### [Items from a dataset]
=-=-=
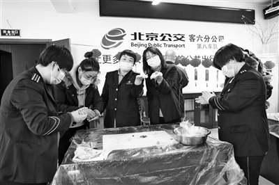 本报讯 (通讯员 杨珊珊)元宵节即将到来,昨天,北京公交集团客六分公司第八车队西胡林场站充满了欢声笑语,职工们一起做汤圆、猜灯谜。
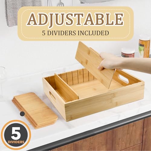 - 6 compartment dividers and removable design: the wooden pan storage is equipped with 5 removable dividers. You can freely remove the dividers according to the size and shape of the items to adjust the separation space. It can effectively use any storage compartment to ensure items are neatly classified.
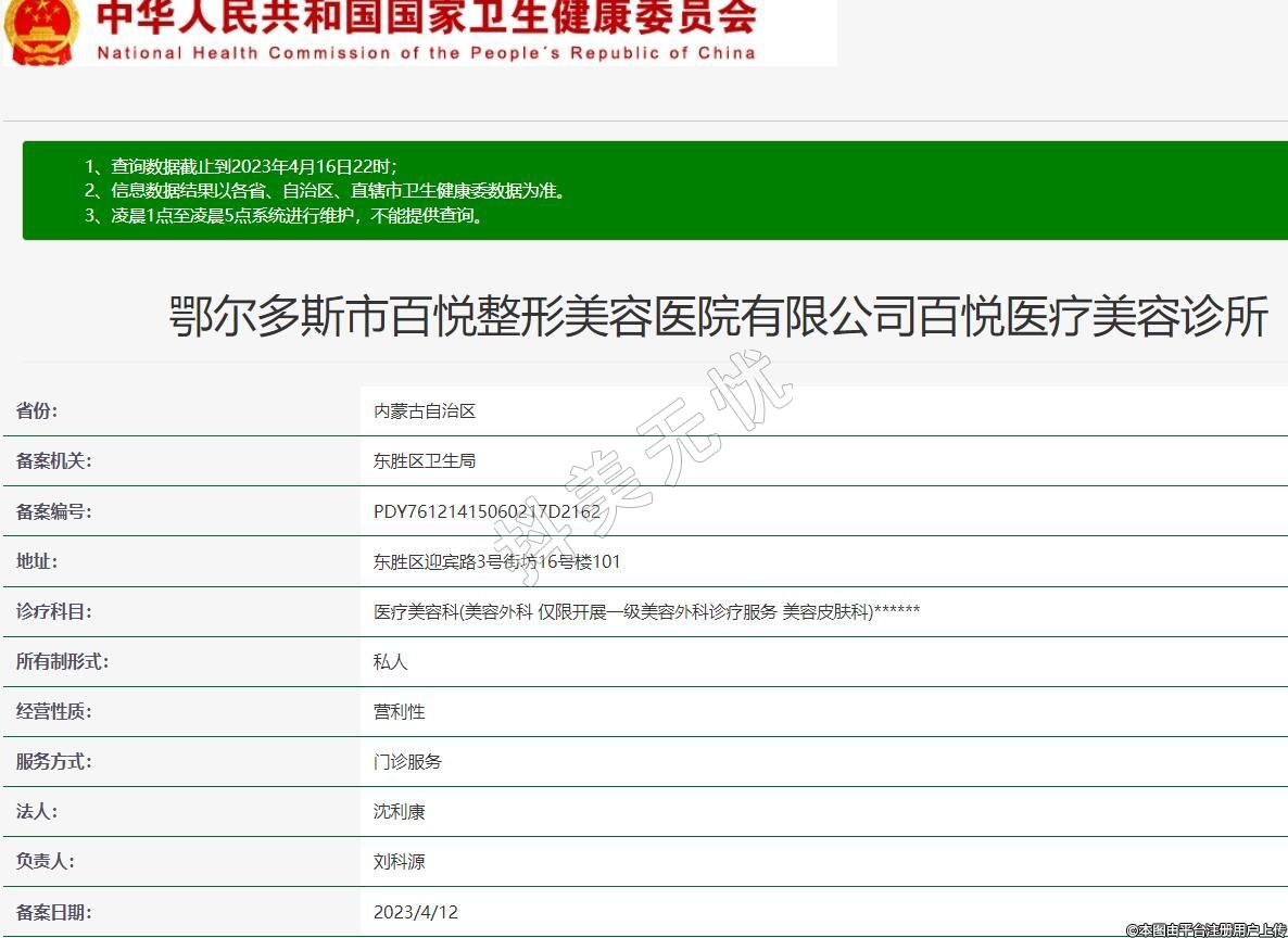 鄂爾多斯市百悅整形美容醫(yī)院有限公司百悅醫(yī)療美容診所
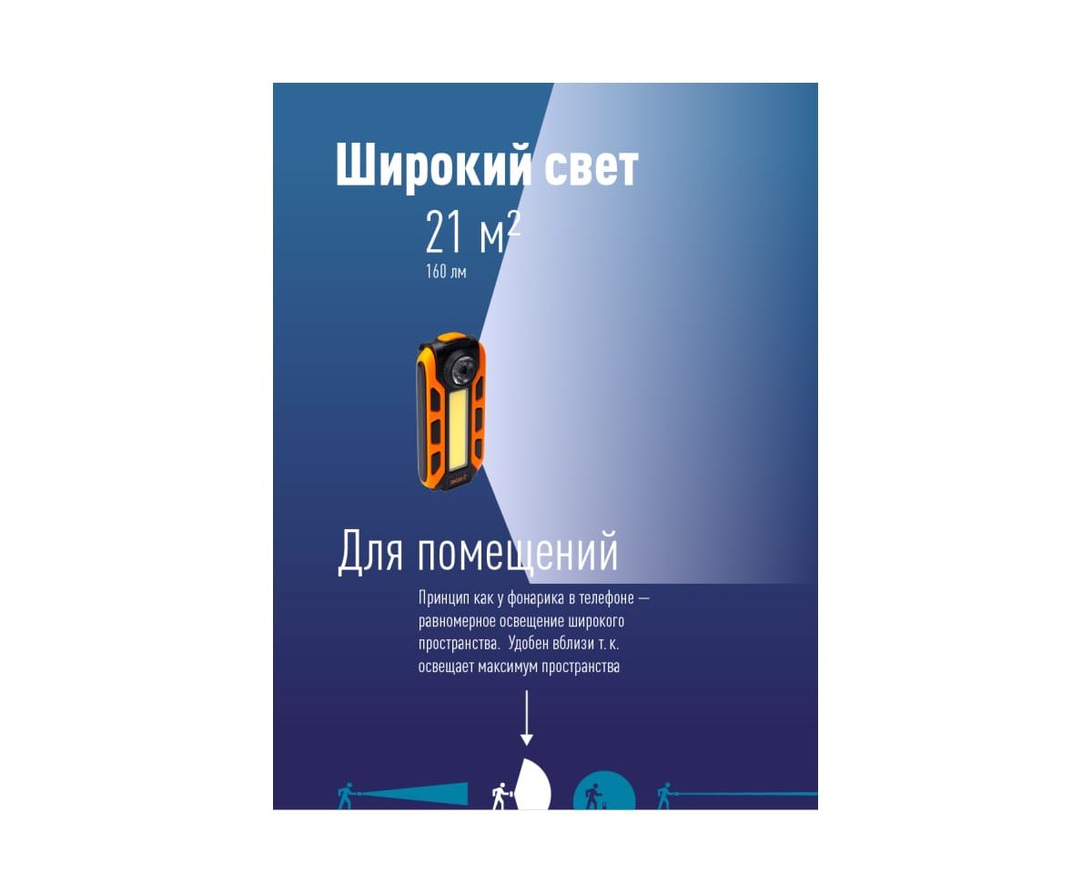Источник света: 5 Вт COB LED (широкий свет); 1 Вт LED (луч), с коллиматорной линзой - позволяет создать поток света нужной направленности без снижения интенсивности. Световой поток: 160 лм. (широкий свет)/70 лм. (луч); Дистанция освещения: 21 м2 (широкий свет)/30 м (луч).
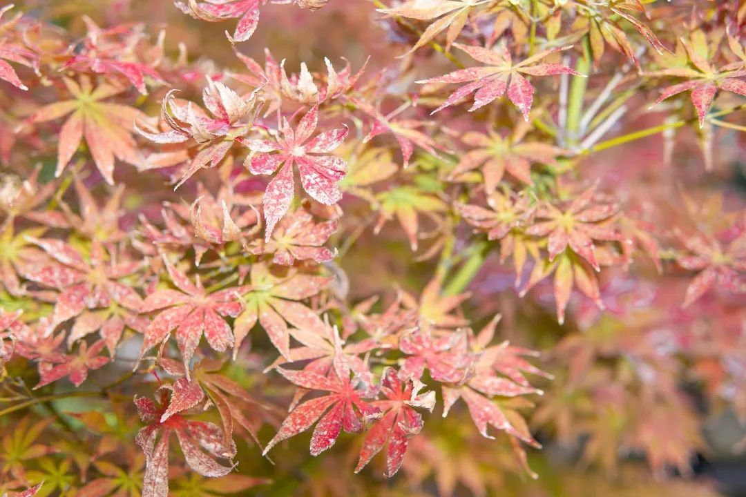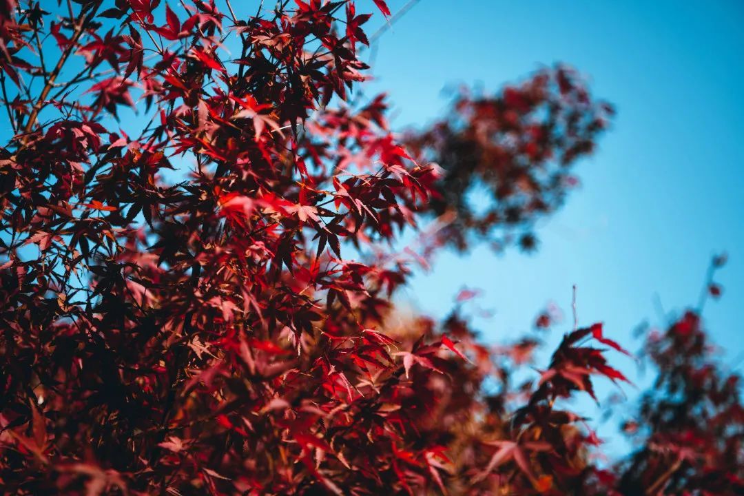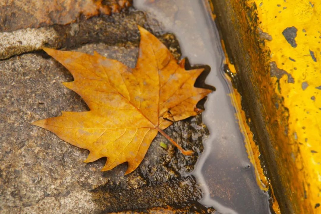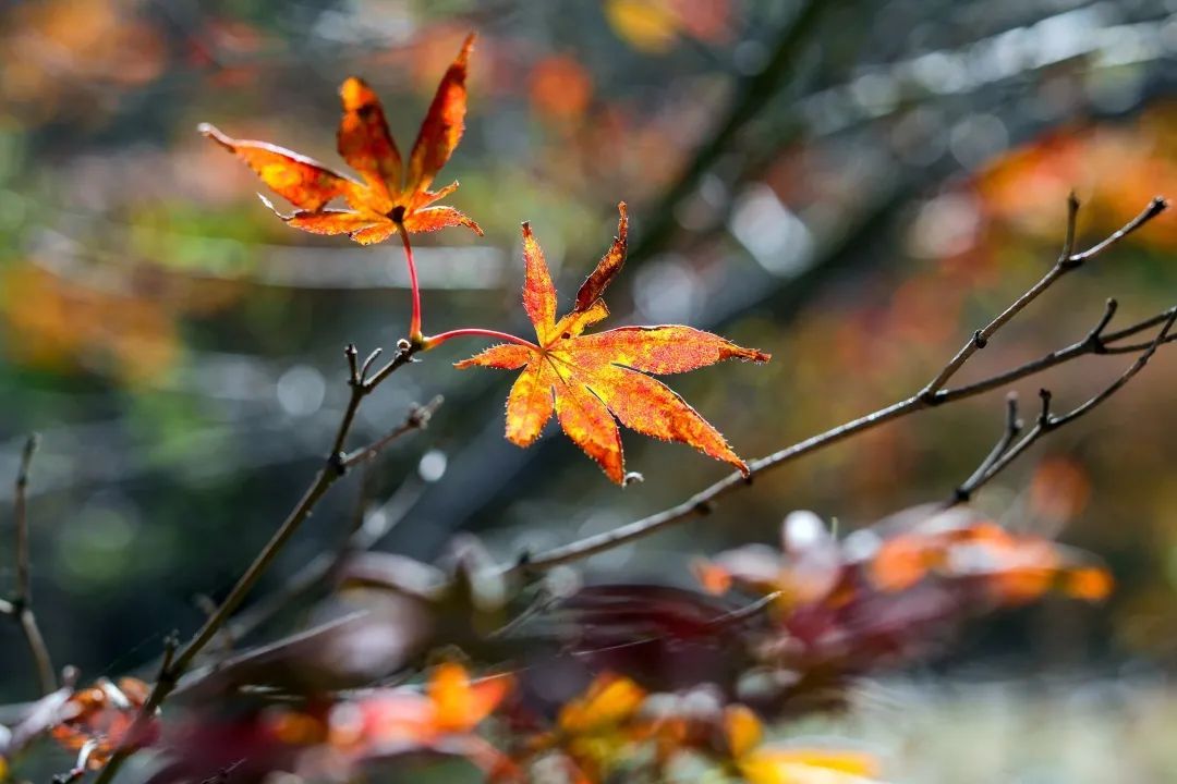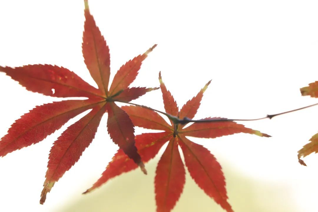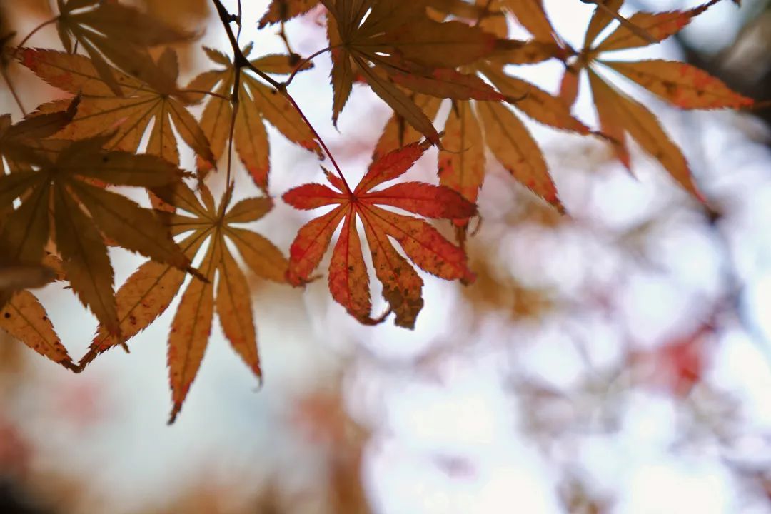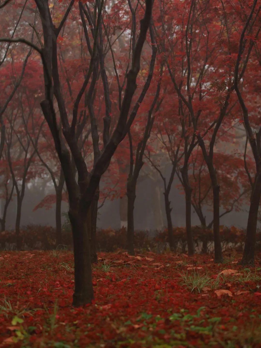 些许上层的枫叶开始卷边、泛黄变褐,随而陆续飘落,扑向大地。微风吹来,深褐色的卷叶和红色的枫叶叠荡飘扬,走近细瞧,红色如泼墨般向叶尖延伸,透过阳光,叶脉清晰伸展,仿若一幅最美的油画。
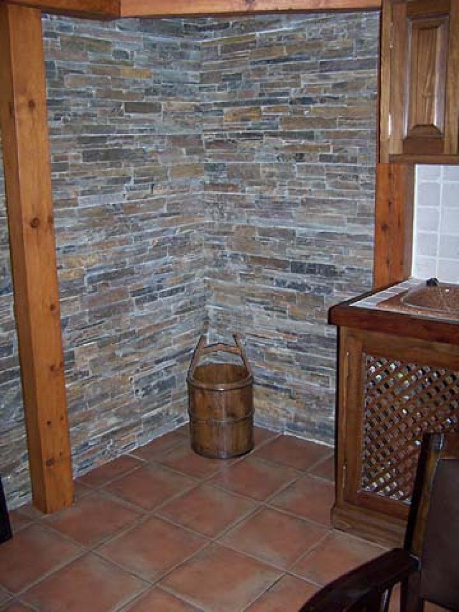 En absoluta armonía con la madera, convive la laja, un tipo de piedra lisa, plana y grande que se ha utilizado para construir la pared. La evidente influencia rústica de este particular revestimiento concede a la bodega un toque natural ciertamente atractivo.
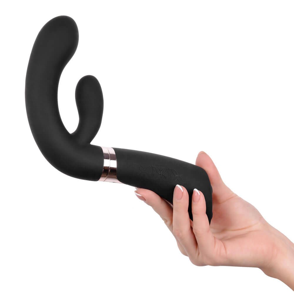 Luksusowy wibrator króliczek w czarnym kolorze z ozdobną, złotą obręczą z tworzywa ABS. Wykonany z aksamitnego silikonu wibrator jest niezwykle przyjemny w dotyku, a dwa zasilające motorki zapewniają niezapomniane wibracje, które dostarczą niesamowitej rozkoszy podczas jednoczesnej stymulacji łechtaczki oraz punktu G. Wygodny, oryginalny uchwyt Enigmy zapewnia wyjątkowy komfort podczas relaksu. Wibrator jest w 100% wodoodporny, więc zabawę możesz przenieść również do wanny lub pod prysznic.
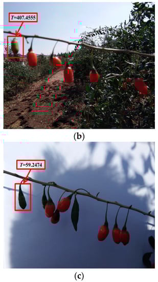 The experiment was conducted in Zhongning in the Ningxia Hui Autonomous Region (37°22′56″ N, 105°37′21″ E) on 28 September 2018. The temperature was 17.6 °C, the humidity was 20.9%, and the illuminance was 357.6 Lx. Ningqi 7 was selected as the experiment variety. Shrubs with good growth and no apparent defects were used; the plants were 4–5 years old with a height of 0.6–1.4 m after pruning. The row spacing of plants was 3 m, and the plant spacing per row was 1 m. Reference reviews indicated that there were significant differences in the pericarp color of different fruits at different maturity levels [16,17,18,22,27,28,29,30,31]. According to the differences of the pericarp color, the fruit can be divided into the ripe fruit, half-ripe fruit, and unripe fruit. Meanwhile, to make the model more universal, different amounts of the three fruits were used to establish the model. This ensured that different amounts of the three fruits were mixed for establishing the model. On this basis, 1828 ripe fruit, 556 half-ripe fruit, and 1164 unripe fruit were selected. The samples were photographed with an industrial camera (type: JHSM1000F-E), as shown in Figure 1.
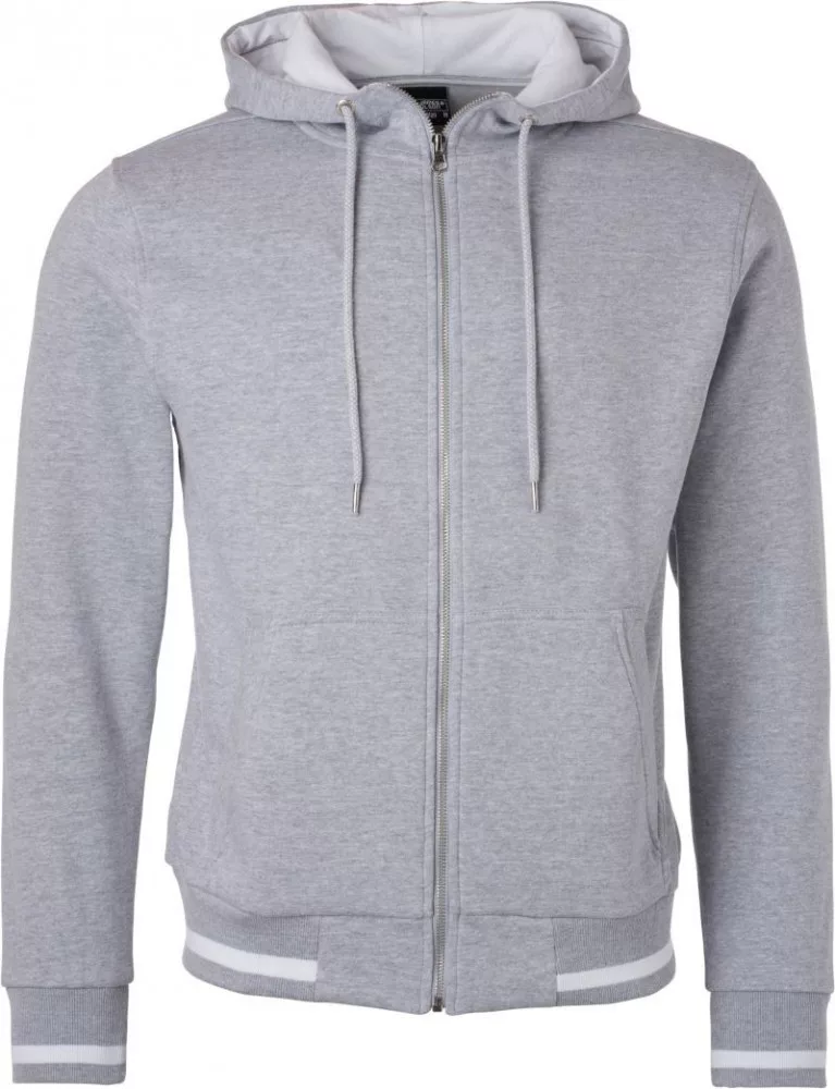 James&Nicholson pulóver Club Sweat Jacket 300 melírozott szürke-fehér
=-=-=
### [Exercise requirements]
The answer is the lines above from the one with "Источник света: 5" to the one with "Luksusowy wibrator króliczek", set down exactly, with no pictures.

### [Output of the exercise]
Источник света: 5 Вт COB LED (широкий свет); 1 Вт LED (луч), с коллиматорной линзой - позволяет создать поток света нужной направленности без снижения интенсивности. Световой поток: 160 лм. (широкий свет)/70 лм. (луч); Дистанция освещения: 21 м2 (широкий свет)/30 м (луч).
 些许上层的枫叶开始卷边、泛黄变褐,随而陆续飘落,扑向大地。微风吹来,深褐色的卷叶和红色的枫叶叠荡飘扬,走近细瞧,红色如泼墨般向叶尖延伸,透过阳光,叶脉清晰伸展,仿若一幅最美的油画。
 En absoluta armonía con la madera, convive la laja, un tipo de piedra lisa, plana y grande que se ha utilizado para construir la pared. La evidente influencia rústica de este particular revestimiento concede a la bodega un toque natural ciertamente atractivo.
 Luksusowy wibrator króliczek w czarnym kolorze z ozdobną, złotą obręczą z tworzywa ABS. Wykonany z aksamitnego silikonu wibrator jest niezwykle przyjemny w dotyku, a dwa zasilające motorki zapewniają niezapomniane wibracje, które dostarczą niesamowitej rozkoszy podczas jednoczesnej stymulacji łechtaczki oraz punktu G. Wygodny, oryginalny uchwyt Enigmy zapewnia wyjątkowy komfort podczas relaksu. Wibrator jest w 100% wodoodporny, więc zabawę możesz przenieść również do wanny lub pod prysznic.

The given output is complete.